-- Entries provided follows --

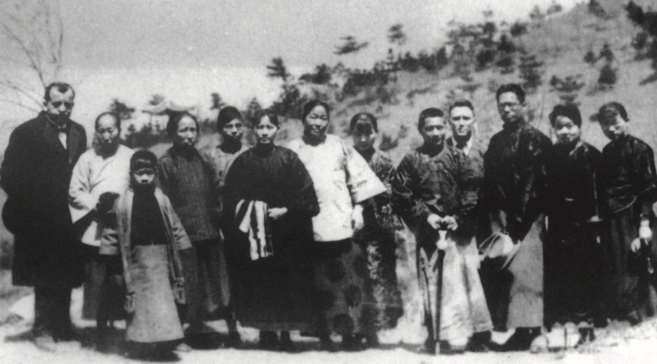 On April 20, 1925, Mme. Soong Ching-ling arrived in Nanjing from Shanghai to inspect the site of Dr. Sun’s tomb on the Zijin Hill: (from left) Ma Kun, He Xiang-ning (fourth), Mme. Soong Ching-ling (sixth), Ni Gui- zhen, Soong Mei-ling, T. A. Soong, a
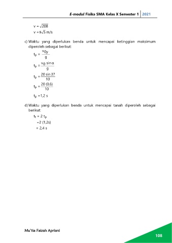 d) Waktu yang diperlukan benda untuk mencapai tanah diperoleh sebagai
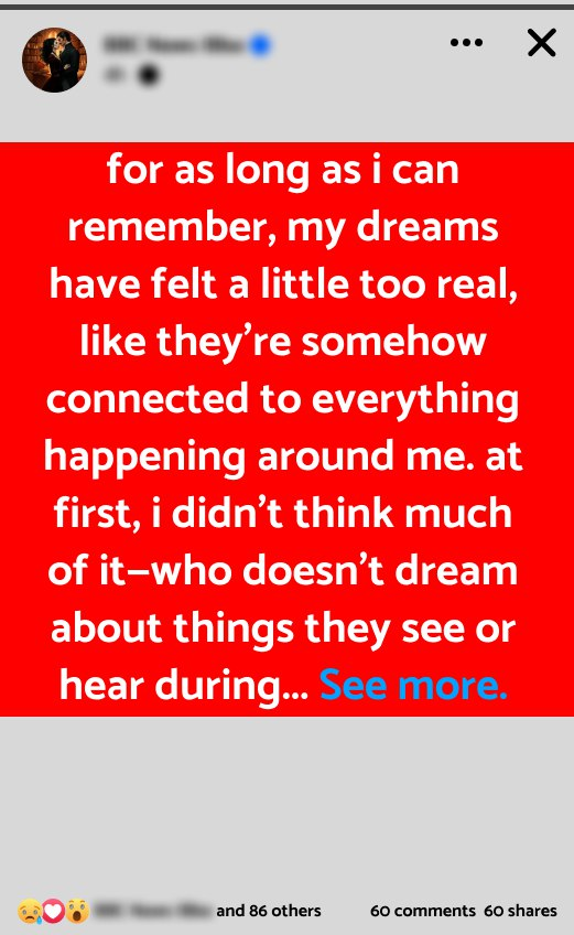 For as long as I can remember, my dreams have felt a little too real, like they’re somehow connected to everything happening around me. At first, I didn’t think much of it—who doesn’t dream about things they see or hear during the day? But over time, it started to feel like my dreams weren’t just random. It was as if my mind was picking up on everything around me and replaying it in vivid detail while I slept.
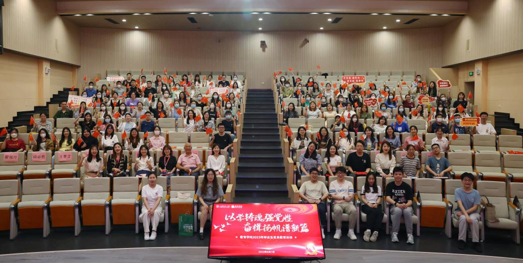 6月7日下午,教育学院在教苑楼C座多功能厅举行了“以学铸魂强党性 奋楫扬帆谱新篇”2023届毕业生党员集中教育活动。院党委副书记、副院长朱莹,特邀组织员谢利民,组织员,毕业班辅导员以及2023届全体毕业生党员出席了本次活动。这场将主题教育、角色朗诵、舞台剧、叮咛嘱托、集体宣誓等元素有机融为一体的集中教育活动,帮助毕业生党员们进一步筑牢理想信念,走稳新时代奋进之路。
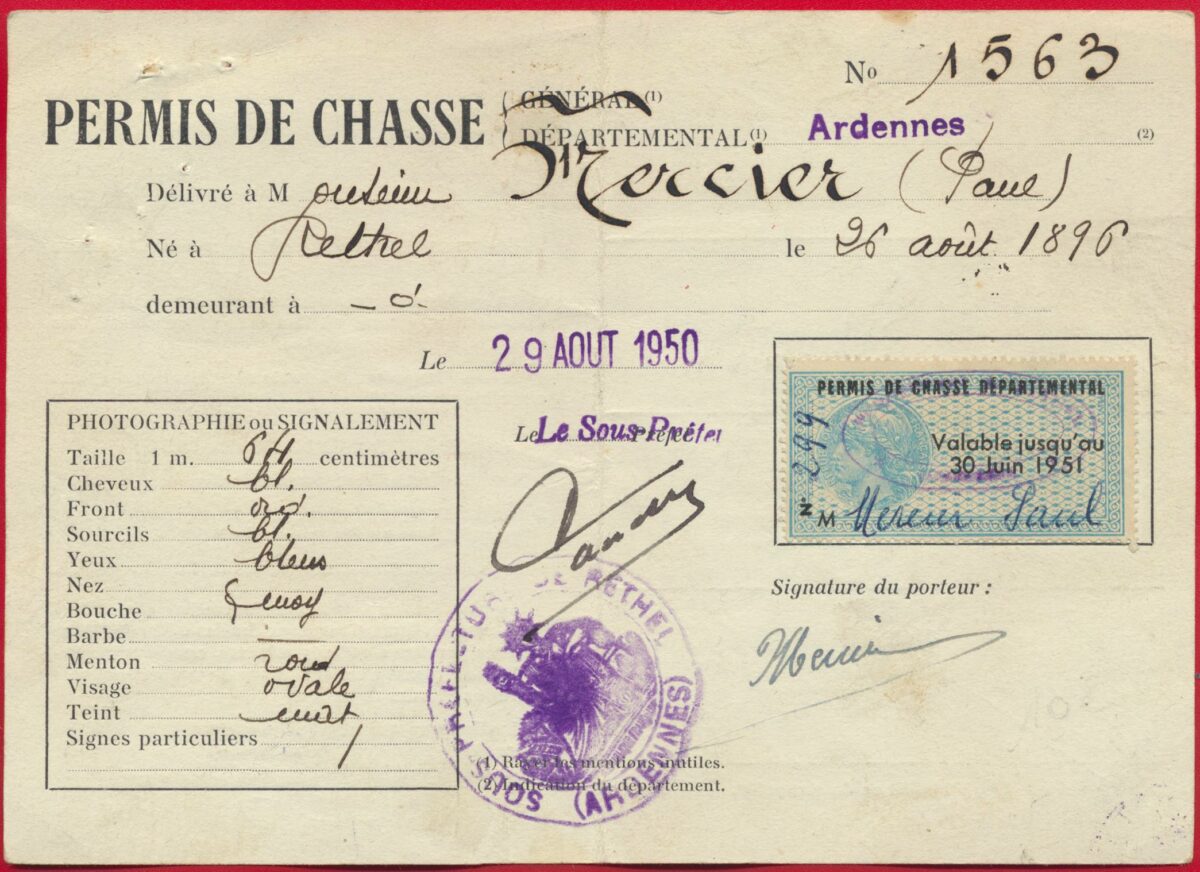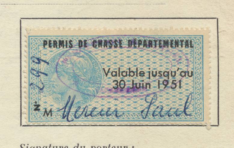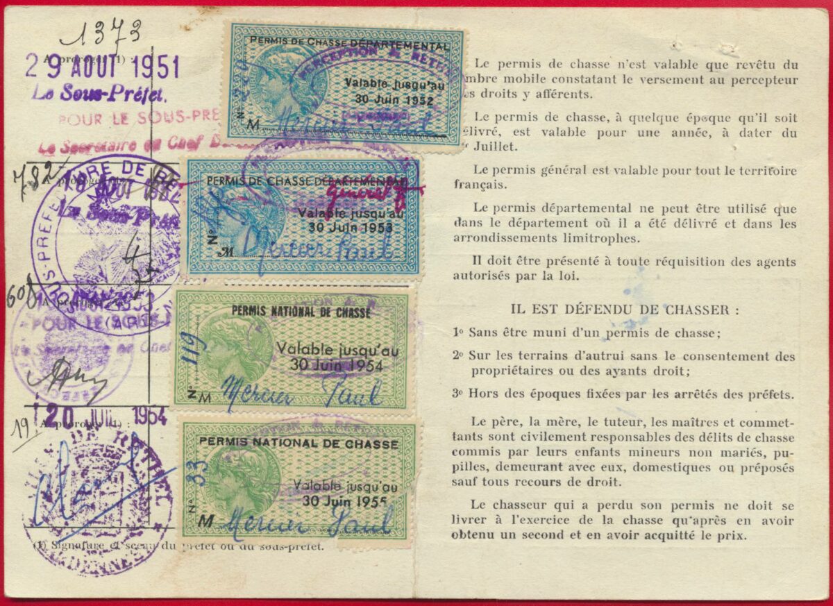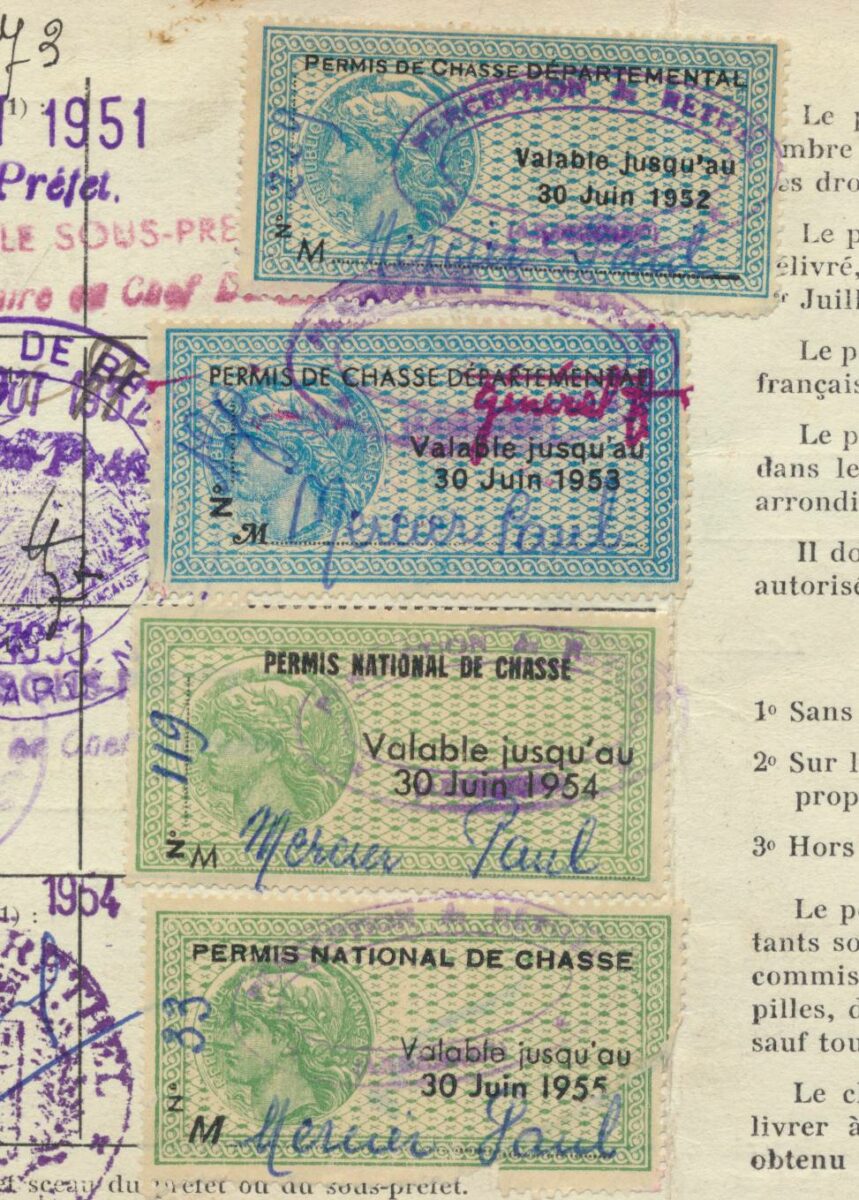 PERMIS DE CHASSE DÉPARTEMENTAL 1951, 1952 et 1953
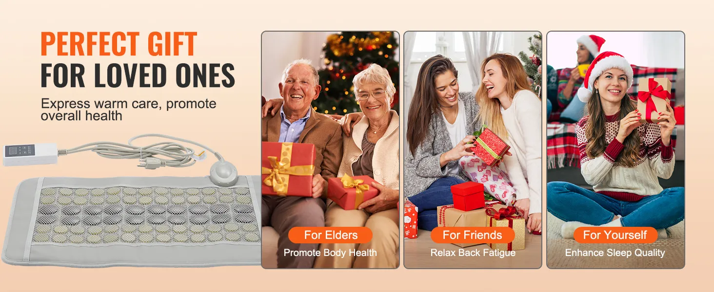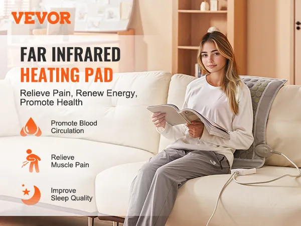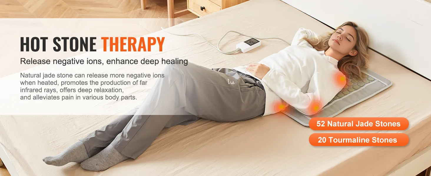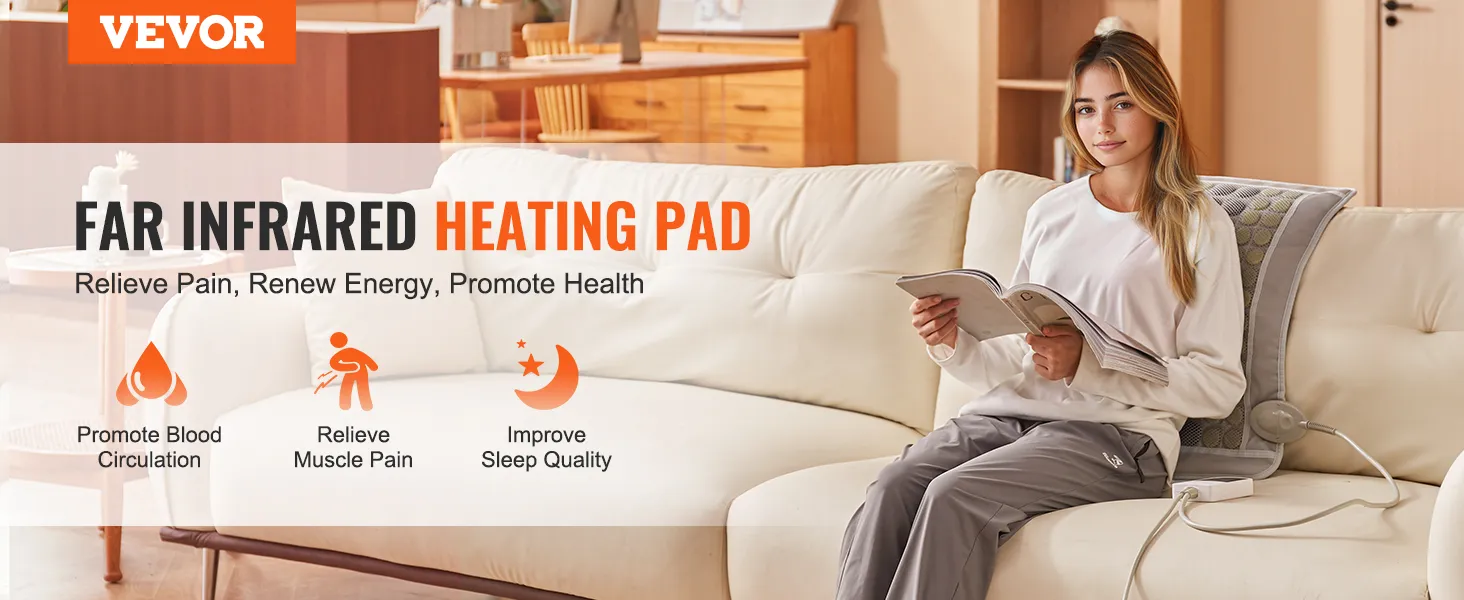 VEVOR far-infrared heating pad is the ideal choice for those seeking soothing heat and health. Combining far-infrared rays, 52 natural jade, and 20 tourmaline stones, it deeply soothes muscle tension, promotes blood circulation, and improves sleep quality. Choose it to embrace a healthier living!

-- Entries provided concluded --

» **Your task**
Your copy should match every record exactly and contain no pictures.

» **Response box**
 On April 20, 1925, Mme. Soong Ching-ling arrived in Nanjing from Shanghai to inspect the site of Dr. Sun’s tomb on the Zijin Hill: (from left) Ma Kun, He Xiang-ning (fourth), Mme. Soong Ching-ling (sixth), Ni Gui- zhen, Soong Mei-ling, T. A. Soong, a
 d) Waktu yang diperlukan benda untuk mencapai tanah diperoleh sebagai
 For as long as I can remember, my dreams have felt a little too real, like they’re somehow connected to everything happening around me. At first, I didn’t think much of it—who doesn’t dream about things they see or hear during the day? But over time, it started to feel like my dreams weren’t just random. It was as if my mind was picking up on everything around me and replaying it in vivid detail while I slept.
 6月7日下午,教育学院在教苑楼C座多功能厅举行了“以学铸魂强党性 奋楫扬帆谱新篇”2023届毕业生党员集中教育活动。院党委副书记、副院长朱莹,特邀组织员谢利民,组织员,毕业班辅导员以及2023届全体毕业生党员出席了本次活动。这场将主题教育、角色朗诵、舞台剧、叮咛嘱托、集体宣誓等元素有机融为一体的集中教育活动,帮助毕业生党员们进一步筑牢理想信念,走稳新时代奋进之路。
 PERMIS DE CHASSE DÉPARTEMENTAL 1951, 1952 et 1953
 VEVOR far-infrared heating pad is the ideal choice for those seeking soothing heat and health. Combining far-infrared rays, 52 natural jade, and 20 tourmaline stones, it deeply soothes muscle tension, promotes blood circulation, and improves sleep quality. Choose it to embrace a healthier living!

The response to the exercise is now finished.